== Segment start ==
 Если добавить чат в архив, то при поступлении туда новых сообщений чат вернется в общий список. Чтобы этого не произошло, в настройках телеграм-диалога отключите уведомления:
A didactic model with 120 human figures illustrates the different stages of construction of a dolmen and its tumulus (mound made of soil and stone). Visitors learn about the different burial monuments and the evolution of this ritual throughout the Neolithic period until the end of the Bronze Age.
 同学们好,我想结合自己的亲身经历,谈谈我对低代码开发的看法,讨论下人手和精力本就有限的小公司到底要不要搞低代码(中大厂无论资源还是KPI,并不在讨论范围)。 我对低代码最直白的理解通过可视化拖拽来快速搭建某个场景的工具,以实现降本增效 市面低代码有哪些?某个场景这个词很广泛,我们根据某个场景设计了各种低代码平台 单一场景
== Segment end ==
== Segment start ==
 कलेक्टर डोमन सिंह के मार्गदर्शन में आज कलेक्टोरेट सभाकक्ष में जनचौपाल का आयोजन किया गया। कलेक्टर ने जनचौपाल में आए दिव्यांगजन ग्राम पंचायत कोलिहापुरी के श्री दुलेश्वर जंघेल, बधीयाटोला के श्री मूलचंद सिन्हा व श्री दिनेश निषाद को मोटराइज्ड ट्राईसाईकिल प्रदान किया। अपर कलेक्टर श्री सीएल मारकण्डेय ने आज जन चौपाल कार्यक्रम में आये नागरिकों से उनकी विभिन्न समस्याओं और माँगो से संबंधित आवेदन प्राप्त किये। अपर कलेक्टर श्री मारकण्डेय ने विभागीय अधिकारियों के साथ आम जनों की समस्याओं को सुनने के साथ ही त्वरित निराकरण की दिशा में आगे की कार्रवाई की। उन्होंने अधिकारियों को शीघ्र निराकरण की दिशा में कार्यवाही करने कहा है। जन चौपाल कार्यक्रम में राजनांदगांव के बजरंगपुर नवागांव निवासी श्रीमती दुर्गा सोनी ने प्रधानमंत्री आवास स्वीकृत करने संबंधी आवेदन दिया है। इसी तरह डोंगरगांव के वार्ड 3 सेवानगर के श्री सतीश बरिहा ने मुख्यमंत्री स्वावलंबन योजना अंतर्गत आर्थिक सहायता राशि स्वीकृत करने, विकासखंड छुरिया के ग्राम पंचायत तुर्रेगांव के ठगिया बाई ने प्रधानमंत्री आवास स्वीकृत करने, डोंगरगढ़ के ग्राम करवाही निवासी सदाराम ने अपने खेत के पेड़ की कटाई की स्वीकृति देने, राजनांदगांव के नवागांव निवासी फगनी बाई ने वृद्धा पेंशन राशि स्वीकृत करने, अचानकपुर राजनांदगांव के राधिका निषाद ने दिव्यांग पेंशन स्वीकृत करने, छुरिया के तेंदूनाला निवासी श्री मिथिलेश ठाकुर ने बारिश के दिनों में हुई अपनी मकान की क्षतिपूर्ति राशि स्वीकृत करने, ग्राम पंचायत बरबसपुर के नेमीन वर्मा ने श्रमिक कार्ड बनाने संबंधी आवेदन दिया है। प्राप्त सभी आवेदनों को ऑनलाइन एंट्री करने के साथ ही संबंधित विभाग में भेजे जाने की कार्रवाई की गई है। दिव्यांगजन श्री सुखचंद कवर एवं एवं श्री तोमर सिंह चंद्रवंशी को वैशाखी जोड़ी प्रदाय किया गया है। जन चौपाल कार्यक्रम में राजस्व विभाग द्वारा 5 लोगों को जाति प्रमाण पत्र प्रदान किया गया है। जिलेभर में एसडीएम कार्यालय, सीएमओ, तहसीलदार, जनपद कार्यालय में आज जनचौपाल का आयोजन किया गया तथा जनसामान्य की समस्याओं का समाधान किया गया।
== Segment end ==
What you need to do:
In the listing above, find the line containing "Если добавить чат" and the line containing "A didactic model", then retype both and every line between them exactly, with nothing else.

Answer to this exercise:
 Если добавить чат в архив, то при поступлении туда новых сообщений чат вернется в общий список. Чтобы этого не произошло, в настройках телеграм-диалога отключите уведомления:
A didactic model with 120 human figures illustrates the different stages of construction of a dolmen and its tumulus (mound made of soil and stone). Visitors learn about the different burial monuments and the evolution of this ritual throughout the Neolithic period until the end of the Bronze Age.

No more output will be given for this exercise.